In those early weeks some of us were so fascinated that we bought the books and read ahead.  Even when I knew the outcome I watched them.  It didn’t matter that the situations and settings seemed to be looking backwards, so much of what was on our TVs was doing that in less entertaining ways.

What worked for TOTU were the twists.  Even though we knew they were coming, most of the sudden reversals were neatly set up rather than tricks.  The clues were embedded in the early stages of the story as casual asides, snippets of information that seemed no more than added colour, until the conclusion was achieved.
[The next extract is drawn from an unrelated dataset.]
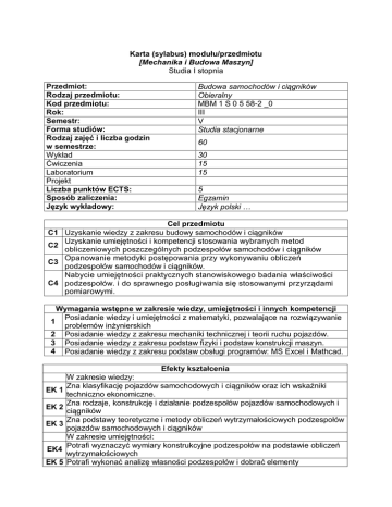 Karta (sylabus) modułu/przedmiotu [Mechanika i Budowa Maszyn] Studia I stopnia Przedmiot: Rodzaj przedmiotu: Kod przedmiotu: Rok: Semestr: Forma studiów: Rodzaj zajęć i liczba godzin w semestrze: Wykład Ćwiczenia Laboratorium Projekt Liczba punktów ECTS: Sposób zaliczenia: Język wykładowy: C1 C2 C3 C4 Budowa samochodów i ciągników Obieralny MBM 1 S 0 5 58-2 _0 III V Studia stacjonarne 60 30 15 15 5 Egzamin Język polski … Cel przedmiotu Uzyskanie wiedzy z zakresu budowy samochodów i ciągników Uzyskanie umiejętności i kompetencji stosowania wybranych metod obliczeniowych poszczególnych podzespołów samochodów i ciągników Opanowanie metodyki postępowania przy wykonywaniu obliczeń podzespołów samochodów i ciągników. Nabycie umiejętności praktycznych stanowiskowego badania właściwości podzespołów. i do sprawnego posługiwania się stosowanymi przyrządami pomiarowymi. Wymagania wstępne w zakresie wiedzy, umiejętności i innych kompetencji Posiadanie wiedzy i umiejętności z matematyki, pozwalające na rozwiązywanie 1 problemów inżynierskich 2 Posiadanie wiedzy z zakresu mechaniki technicznej i teorii ruchu pojazdów. 3 Posiadanie wiedzy z zakresu podstaw fizyki i podstaw konstrukcji maszyn. 4 Posiadanie wiedzy z zakresu podstaw obsługi programów: MS Excel i Mathcad. EK 1 EK 2 EK 3 EK4 EK 5 Efekty kształcenia W zakresie wiedzy: Zna klasyfikację pojazdów samochodowych i ciągników oraz ich wskaźniki techniczno ekonomiczne. Zna rodzaje, konstrukcję i działanie podzespołów pojazdów samochodowych i ciągników Zna podstawy teoretyczne i metody obliczeń wytrzymałościowych podzespołów pojazdów samochodowych i ciągników W zakresie umiejętności: Potrafi wyznaczyć wymiary konstrukcyjne podzespołów na podstawie obliczeń wytrzymałościowych Potrafi wykonać analizę własności podzespołów i dobrać elementy znormalizowane Potrafi wykonać pomiary parametrów konstrukcyjnych podzespołów pojazdów EK 6 samochodowych W zakresie kompetencji społecznych: Jest odpowiedzialny za rzetelność uzyskanych wyników swoich prac i ich EK7 interpretację W1 W2 W3 W4 W5 W6 W7 W8 W9 W10 W11 W12 ĆW1 ĆW2 Treści programowe przedmiotu Forma zajęć – wykłady Treści programowe Klasyfikacja pojazdów samochodowych. Klasyfikacja samochodów. Klasyfikacja ciągników Ogólna struktura pojazdu samochodowego. Wskaźniki technicznoekonomiczne samochodu. Kryteria oceny jakości pojazdu. Budowa sprzęgieł głównych pojazdów. Sprzęgła główne samochodowe i ciągnikowe, metody doboru, obliczanie trwałości sprzęgieł. Sprzęgła odśrodkowe. Mechaniczne skrzynki przekładniowe. Skrzynki przekładniowe dwu- i trójwałkowe. Schematy kinematyczne skrzynek biegów. Budowa skrzynek samochodów osobowych i ciężarowych. Synchronizacja przełożeń. Synchronizatory – budowa, działanie, obliczanie. Przekładnie planetarne. budowa i działanie przekładni planetarnej. Obliczanie przełożeń. Sprzęgła i przekładnie hydrokinetyczne. Zespoły hydromechaniczne pojazdów. Przekładnie bezstopniowe CVT. Skrzynki przekładniowe ciągników. Wały napędowe i przeguby. Budowa wału napędowego. Kinematyka i dynamika przegubu krzyżakowego. Obliczanie wałów napędowych. Rodzaje i budowa przegubów pędnych. Przeguby homokinetyczne. Budowa mostu napędowego. Rodzaje i obliczanie przekładni głównych. Rodzaje i obliczanie mechanizmów różnicowych. Obliczanie półosi napędowych. Międzyosiowe mechanizmy różnicowe. Zawieszenie pojazdu samochodowego. Elementy nośne pojazdu. Zawieszenie samochodu – klasyfikacja, kinematyka, budowa. Obliczanie elementów sprężystych i amortyzatorów. Układy kierownicze pojazdów. Rodzaje i budowa układów kierowniczych. Obliczanie. Działanie układu kierowniczego. Układy hamulcowe pojazdów. Rodzaje, budowa i skuteczność działania układów hamulcowych. Obliczanie hamulców tarczowych i bębnowych. Układy wspomagające i przeciwpoślizgowe hamulców. Układy korekcji sił hamowania. Forma zajęć – ćwiczenia Treści programowe Zajęcia wprowadzające. Omówienie przebiegu zajęć projektowych. Przydział tematów do prac obliczeniowych indywidualnych (4 z 7 możliwych). Obliczanie sprzęgła głównego pojazdu samochodowego. Omówienie ĆW3 ĆW4 ĆW5 ĆW6 ĆW7 ĆW8 ĆW9 ĆW10 ĆW11 ĆW12 ĆW13 L1 L2 L3 L4 L5 L6 L7 L8 zakresu obliczeń. Przykłady zadań. Obliczanie skrzyni przekładniowej o osiach stałych. Omówienie zakresu obliczeń. Schematy skrzyń biegów. Obliczanie przekładni planetarnej. Przykłady zadań. Obliczanie wału napędowego. Omówienie zakresu obliczeń. Przykłady zadań. Kolokwium 1. Odbiór i ocena indywidualnych prac obliczeniowych. Obliczanie mostu napędowego. Omówienie zakresu obliczeń. Przykłady zadań. Obliczanie zawieszenia samochodu. Omówienie zakresu obliczeń. Przykłady zadań. Obliczanie układu kierowniczego. Omówienie zakresu obliczeń. Przykłady zadań. Kolokwium 2. Odbiór i ocena indywidualnych prac obliczeniowych. Obliczanie układu hamulcowego. Omówienie zakresu obliczeń. Przykłady zadań. Obliczanie korektora sił hamowania. Omówienie zakresu obliczeń. Przykłady zadań. Kolokwium 3. Odbiór i ocena indywidualnych prac obliczeniowych. Zajęcia zaliczeniowe. Odbiór i ocena indywidualnych prac obliczeniowych. Ewentualne kolokwium poprawkowe. Forma zajęć – laboratoria Treści programowe Zajęcia wprowadzające. Omówienie przebiegu zajęć laboratoryjnych. Szkolenie BHP. Wyznaczanie charakterystyki kinematycznej wału przegubowego. Statyczne badanie opon samochodowych. Charakterystyka sztywności opony. Naciski na nawierzchnię jezdni. Wyznaczenie oporów wewnętrznych skrzyni biegów. Określenie charakterystyki układu uruchamiającego hamulce ze wspomaganiem. Wykres sił hamowania. Badanie parametrów zawieszenia pojazdu. Wyznaczanie naprężeń i sztywności resoru piórowego. Badanie sprawności przekładni kierowniczej. Charakterystyka p

Take Parson’s Pleasure, a story about Mr Boggis, an antique dealer who ‘always bought cheap, very very cheap, and sold very very dear.’  His clients are those who lived in, ‘comparatively isolated places…large farmhouses and …rather dilapidated country mansions’.  Because these sorts of people are a ‘suspicious lot’, Mr Boggis decides to disguise himself as a Parson.  He carries a business card:

                                      THE REVEREND

                            CYRIL WINNINGTON BOGGIS

President of the Society                                In association with

for the Preservation of                                      The Victoria and

Rare Furniture                                                     Albert Museum.

to give his story credibility and is careful never to park his large car where his victims might see it, as it wouldn’t fit the character of an impoverished and respectable Reverend.

The story begins with Mr Boggis driving along enjoying the beauty of the countryside.  His name, you’ll note, is remarkably close to the word ‘Bogus’.  He is full of optimism.  The weather is suggestive of a good summer to come, and the village he’s heading for is easily reconnoitered because it’s in a valley below the road he’s approaching it on.  From his high vantage point he can map out in advance which houses to try, and see the best place to park his car conveniently close but out of sight.  He has, it seems, an almost omniscient vantage point, and starts from a position of power, in that he is keyed up with his past successes.

While he can see only opportunity, we, the reader, are already anticipating a reversal.  It’s a beautifully layered opening.  Dahl has arranged all the information we need before us, neatly interspersing the necessary exposition (explanations) between segments of action so that the narration moves us forward in neat arcs of drama.  I won’t spoil the ending, if you don’t know the story.  Read it, or watch it.  You can do either on the internet.  I can give you the Youtube copy, but you’ll need to use a search engine if you want the text, as I can’t seem to upload it.

I hope you do read it.  Wonderful as the dramatized version is, the benefits for the writer come from looking at it in word form.  Only then can you fully appreciate Roald Dahl’s artistry.

The twist-in-the-tail story has a long and chequered history.  While several writers have excelled at them for a while, many have floundered.  I think this one is a fine example of what it takes to write them successfully, but be warned, write too many of the same strain and you’ll soon wear out the reader or viewer.

The TOTU series may have stretched over nine sets of series, but I suspect I was not the only viewer who was drifting away long before they were halfway through those years of shows.  Even the unpredictable becomes, in a sense, predictably unpredictable if the template isn’t varied occasionally.